WHAT THE TASK REQUIRES: Leaving out pictures, output exactly the lines below from the one that has "浙江省2014年普高文理科第一批首轮平行志愿投档分数线表" through the one that has "本探しゲームの後は,どんなふ", and nothing else.

[[ GIVEN RECORDS, beginning ]]

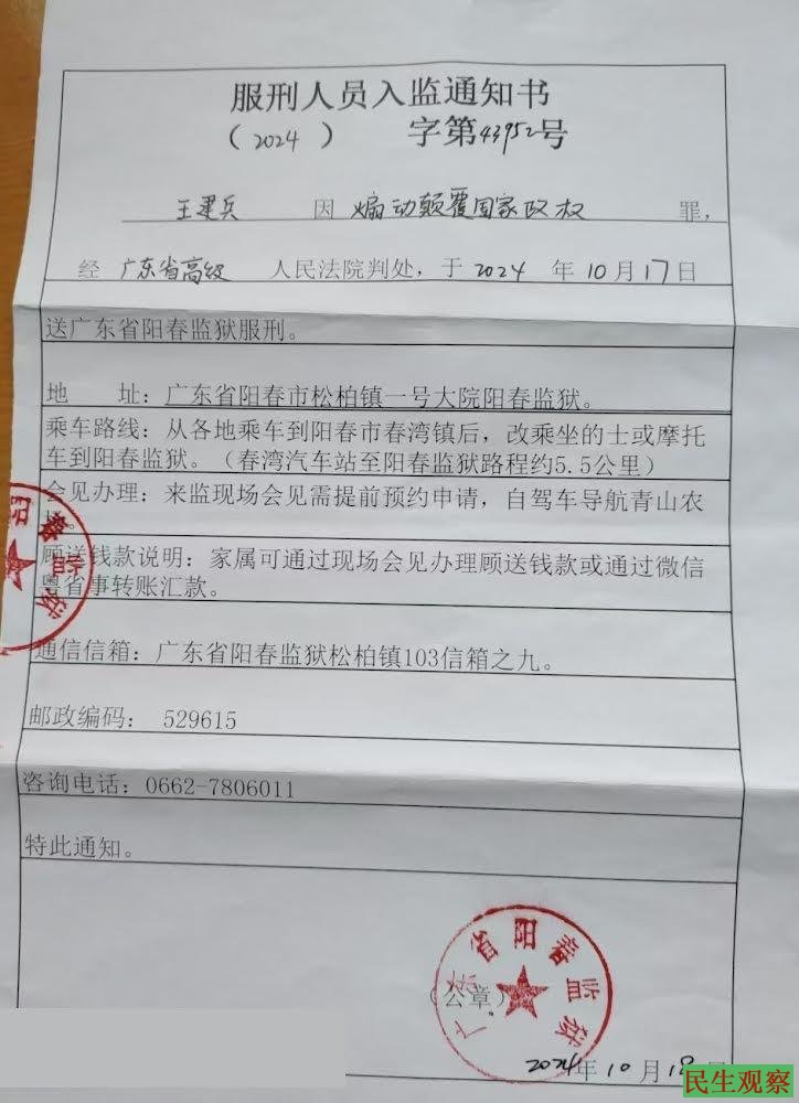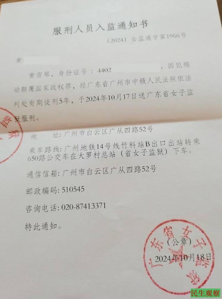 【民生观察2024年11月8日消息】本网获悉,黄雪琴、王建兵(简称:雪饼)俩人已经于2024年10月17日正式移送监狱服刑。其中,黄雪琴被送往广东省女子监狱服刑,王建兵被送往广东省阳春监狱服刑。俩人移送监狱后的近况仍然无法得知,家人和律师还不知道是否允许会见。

[[ GIVEN RECORDS, end ]]
[[ GIVEN RECORDS, beginning ]]

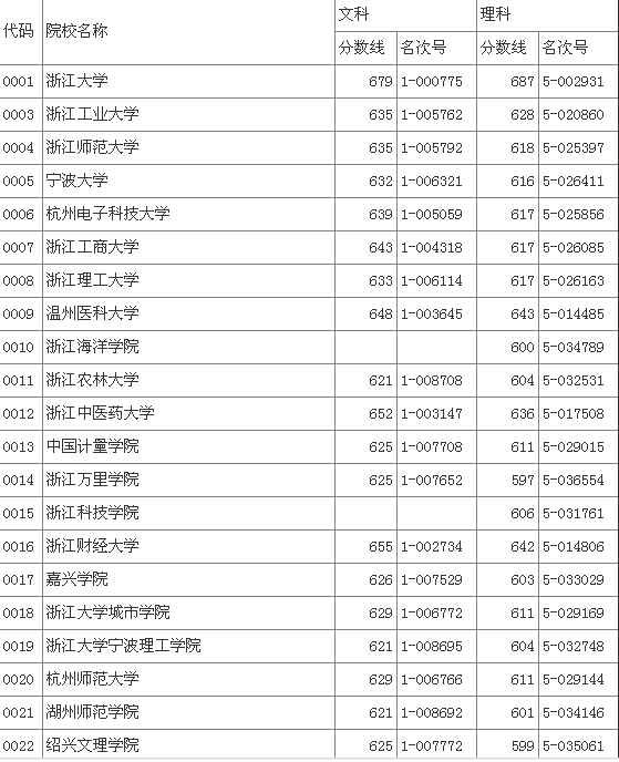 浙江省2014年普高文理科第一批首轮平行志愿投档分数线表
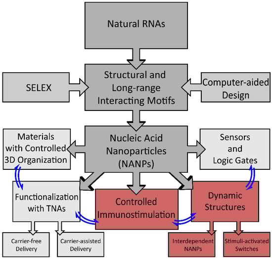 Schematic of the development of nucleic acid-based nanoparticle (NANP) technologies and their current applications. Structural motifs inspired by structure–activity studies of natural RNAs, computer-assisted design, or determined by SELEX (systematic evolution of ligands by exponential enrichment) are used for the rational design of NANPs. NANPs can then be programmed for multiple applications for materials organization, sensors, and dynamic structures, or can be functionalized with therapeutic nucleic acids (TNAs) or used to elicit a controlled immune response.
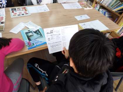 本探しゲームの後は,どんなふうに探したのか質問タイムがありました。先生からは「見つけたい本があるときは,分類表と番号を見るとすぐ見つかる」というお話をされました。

[[ GIVEN RECORDS, end ]]
[[ GIVEN RECORDS, beginning ]]

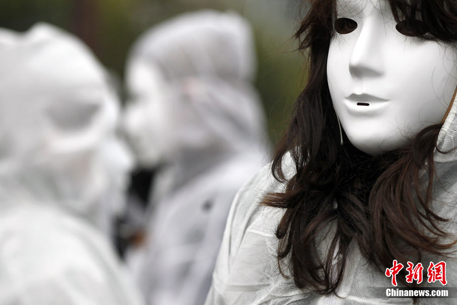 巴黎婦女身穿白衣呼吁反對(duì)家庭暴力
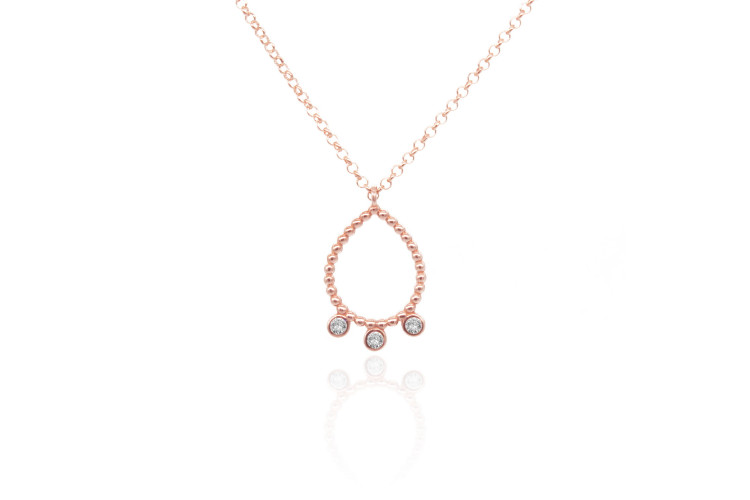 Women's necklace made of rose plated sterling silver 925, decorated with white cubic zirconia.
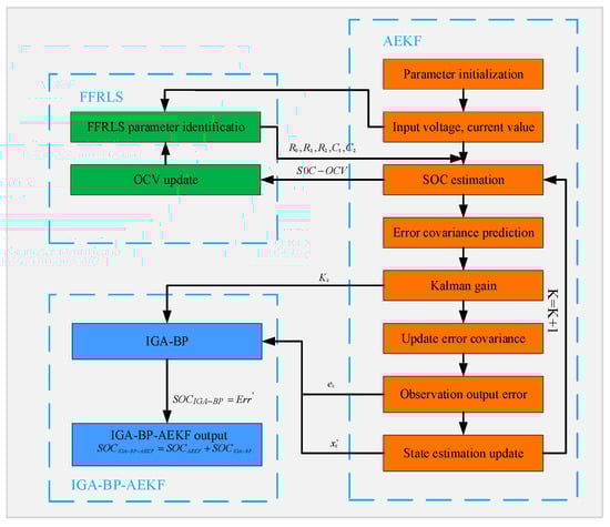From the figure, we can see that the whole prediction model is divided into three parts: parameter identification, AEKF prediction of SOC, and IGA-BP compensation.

[[ GIVEN RECORDS, end ]]

RESULT OF THE TASK:
 浙江省2014年普高文理科第一批首轮平行志愿投档分数线表
 Schematic of the development of nucleic acid-based nanoparticle (NANP) technologies and their current applications. Structural motifs inspired by structure–activity studies of natural RNAs, computer-assisted design, or determined by SELEX (systematic evolution of ligands by exponential enrichment) are used for the rational design of NANPs. NANPs can then be programmed for multiple applications for materials organization, sensors, and dynamic structures, or can be functionalized with therapeutic nucleic acids (TNAs) or used to elicit a controlled immune response.
 本探しゲームの後は,どんなふうに探したのか質問タイムがありました。先生からは「見つけたい本があるときは,分類表と番号を見るとすぐ見つかる」というお話をされました。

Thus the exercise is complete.